McCloskey put it this way to the RFT: “As I said from the get-go when that hit the news, if they adopted our vetting process, Darrell would not have vetted and we would not have this situation.”

The GOP insider who talked to the RFT sees things a little differently. 

"What if Darrell McClanahan would pass [the vetting process]?" he says. "I don't think that there's anything in the vetting questions about white supremacy or about anything like that."

But McClanahan, for his part, says he’s previously clashed with Haggard — he says she came to his church to tell everyone to “vote for Mark McCloskey and pray for Josh Hawley because Antifa was harassing him.” McClanahan says he objected, calling McCloskey “just another attorney” who will “play politics on abortion,” an assertion for which he was summoned to the church office and told to “be nicer when company is at church.” Whether that pugnacious attitude would be enough to bar him from the county ballot remains to be seen.

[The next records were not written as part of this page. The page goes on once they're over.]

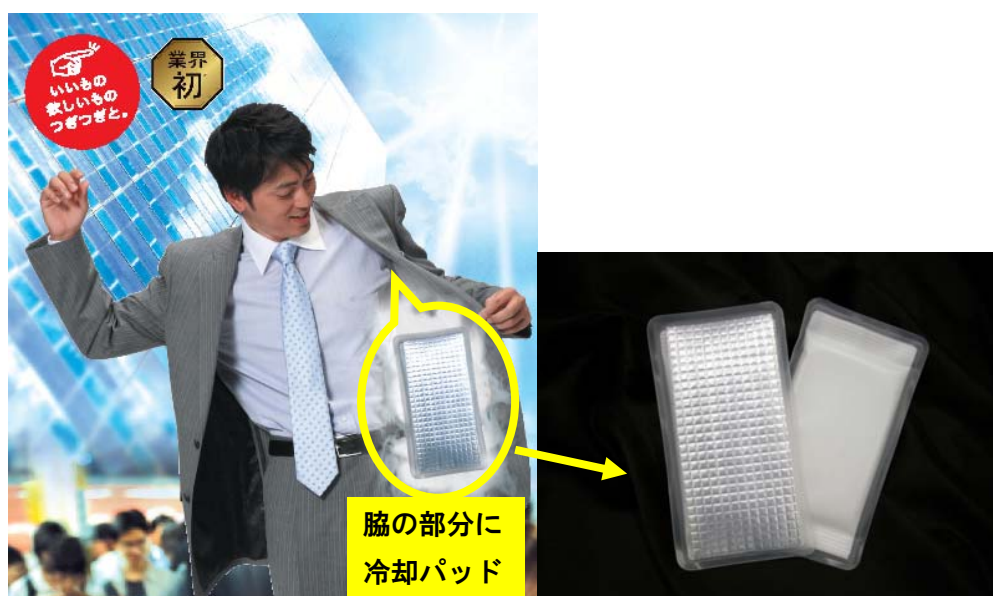
冷却パッド使用の新アイススーツ

この度発売する「新アイススーツ」は、モーターレースや消防服用などの冷却着衣や特殊防護服などの熱中症対策にも使われている冷却素材で、スーツの生地だけでは得られないパッシブな吸熱効果が得られるものです。当社が超薄型軽量化を図り、スーツ用に専用開発したクールパックをスーツの熱のこもりやすい両脇の部分に装着することで、スーツ内部の熱や体の熱を奪い、快適性・機動性を重視したものです。猛暑日や蒸し暑い夏または、自転車通勤などでスーツを着用するシーンで、体のほてりをクールダウンする業界初の冷房機能付の夏専用スーツです。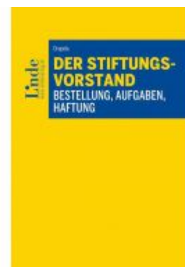
Der Stiftungsvorstand - Bestellung, Aufgaben, Haftung Ladenpreis: 54,00 EUR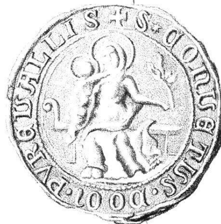
1343, 15 März.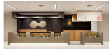
分 根津松本 鈴イメージ

東京・文京区根津にある鮮魚店「根津松本」からのれん分けした「分 根津松本 鈴」が百貨店初登場。こだわりの旨い魚を詰めた海苔弁当なども展開し、デパ地下ならではのグルメなお客さまにもご満足いただけるクオリティでお応えします。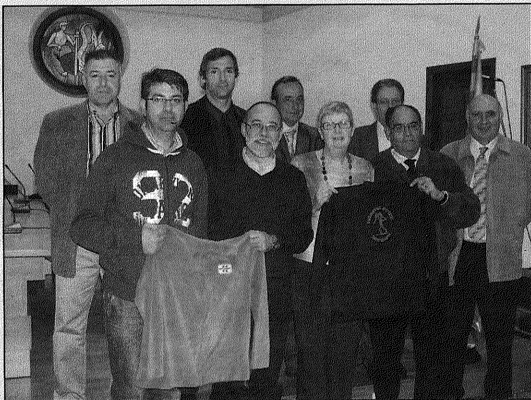
Una imatge de la presentació de les tres empreses patrocinadores del club al Mundial (L'AdBM)

J.L.E. Sant Celoni A diferència de l'any passat a Austràlia, el CP Sant Celoni compta per a aquest compromís a Xina amb un pressupost ajustat que dona una certa tranquil·litat als seus responsables. D'una banda, perquè l'equip està format per menys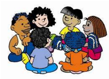
Figura 1: Niños interactuando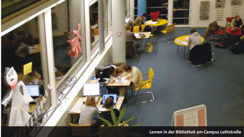
Lernen in der Bibliothek am Campus Lothstraße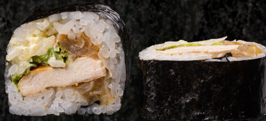
Chicken Mayo Maki 치킨+마요 마끼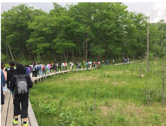
戦場ヶ原ハイキング(木道)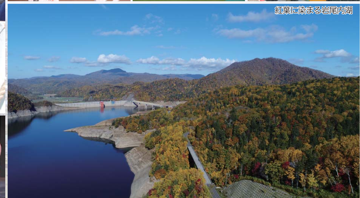
紅葉に染まる岩尾内湖

士別市は北海道北部の中央に位置しています。道立自然公園の「天塩岳」があり、国内4番目の長さの「天塩川」がもたらす豊かな水と肥沃な大地に恵まれ、農業を基幹産業として発展してきました。顔の黒い羊「サフォーク」をまちづくりの中心とした『サフォークランド士別』の取り組みは30年を超え、多くの方に知られています。また、冷涼な気候のもと、国内外のトップアスリートなどが心身を鍛える『合宿の里』としての取り組みを進めているほか、積雪寒冷な自然条件を生かした『自動車等試験研究のまち』として、自動車やタイヤメーカーなどによる試験が盛んに行われています。 Shibetsu is located in northern central Hokkaido. Points of interest ・ Mount Teshio-dake and Japan's fourth longest river, the Teshio River ・ "Suffolk Land"-raising Suffolk sheep for over 30 years ・ Sports training camps-used by elite national and international athletes ・ Automobile test course-conducting vehicle and tire testing in Shibetsu's cold and snowy conditions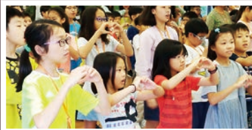
唱營歌《小小敬拜者》

The Missouri GOP wants to give Darrell Leon McClanahan III the boot off the ballot due to his association with the Ku Klux Klan. But can they? - CANDIDATE PHOTO
CANDIDATE PHOTO
The Missouri GOP wants to give Darrell Leon McClanahan III the boot off the ballot due to his association with the Ku Klux Klan. But can they?

Interestingly, it’s the Democratic Party that may have recently put the question of vetting to the test, albeit with a far more informal process. After state Representative Sarah Unsicker (D-Shrewsbury) boasted about drinking basil lemonade with someone who’s questioned the Holocaust and used the n-word on Twitter, her party kicked her out of the committees she served on. And when she sought to run for governor as a Democrat, they refused to accept her filing fee.

Dave Roland, legal director with the Missouri Freedom Center, says the Democrats likely had the right to do what they did, just as he believes the GOP has the right to vet its candidates. But once a party accepts a filing fee — as with the Republicans and McClanahan — they may be out of luck.

The GOP has filed a lawsuit against Secretary of State Jay Ashcroft over the McClanahan case, using its First Amendment and Fourteenth Amendment rights as cause to compel Ashcroft to remove McClanahan from the ballot. 

But Roland takes a dim view of their chances, citing a previous lawsuit he filed in 2022.

“I’m pretty confident the Republican Party is going to lose here,” he told St. Louis on the Air last month. “The court said, ‘Look, you accepted the filing fee. There’s no backsies here. By accepting the filing fee, you voluntarily chose to associate with this candidate. Now that you have buyer’s remorse doesn’t mean you get to remove him from the ballot.”